12. The method according to claim 10, characterized in that, Based on the stable charging phase of each cell in a single charging event, voltage data for each cell is extracted from the raw voltage data of each cell, including: Extract the data corresponding to the stable charging stage from the raw voltage data of each of the battery cells; The extracted data is cascaded and filtered based on a preset sliding window to obtain the voltage data of each battery cell.

13. The method according to claim 12, characterized in that, The sliding window includes: a first-level sliding window with a window width of a first preset length, a second-level sliding window with a window width of a second preset length, and a third-level sliding window with a window width of a third preset length, wherein the first preset length, the second preset length, and the third preset length increase sequentially.

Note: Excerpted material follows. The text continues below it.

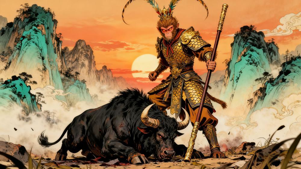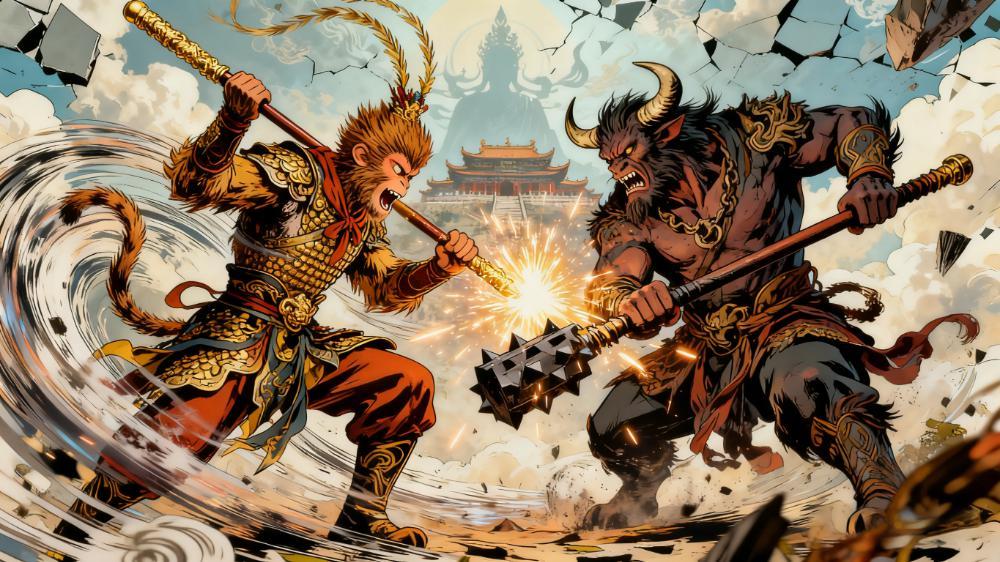 这场跨越千年的对决,从来不是两个妖怪的打架,而是两种人生的较量。它在告诉我们:所谓成长,就是不断和心里的“牛魔王”告别,然后活成自己的“孙悟空”—— 哪怕手里只有一根金箍棒,也要敢去撞开整个世界。
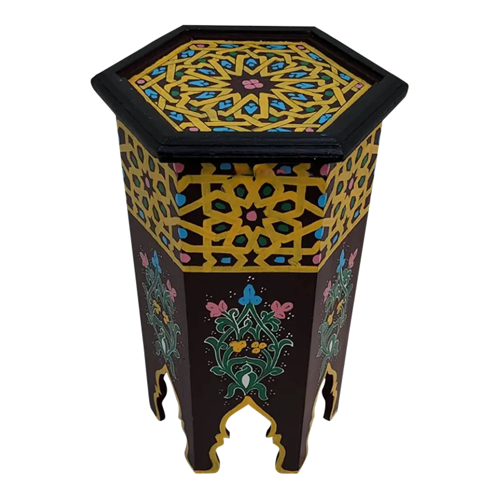 This is a 100% hand painted and hand carved Moroccan Octagonal shape side table or end table. Great handcraftsmanship throughout, featuring the famous Moroccan Zouak woodwork. Beautiful add-on to your home or office decor. This table measures approximately 19" in height, 15" from corner to corner. Also available in many other colors

14. An electronic device comprising a processor and a memory storing a computer program, characterized in that, When the computer program is executed by the processor, it can implement the method for assessing battery health status as described in any one of claims 1 to 13.

15. A non-transient computer storage medium storing a computer program, characterized in that, When the computer program is executed by a processor, it implements the method for assessing battery health as described in any one of claims 1 to 13.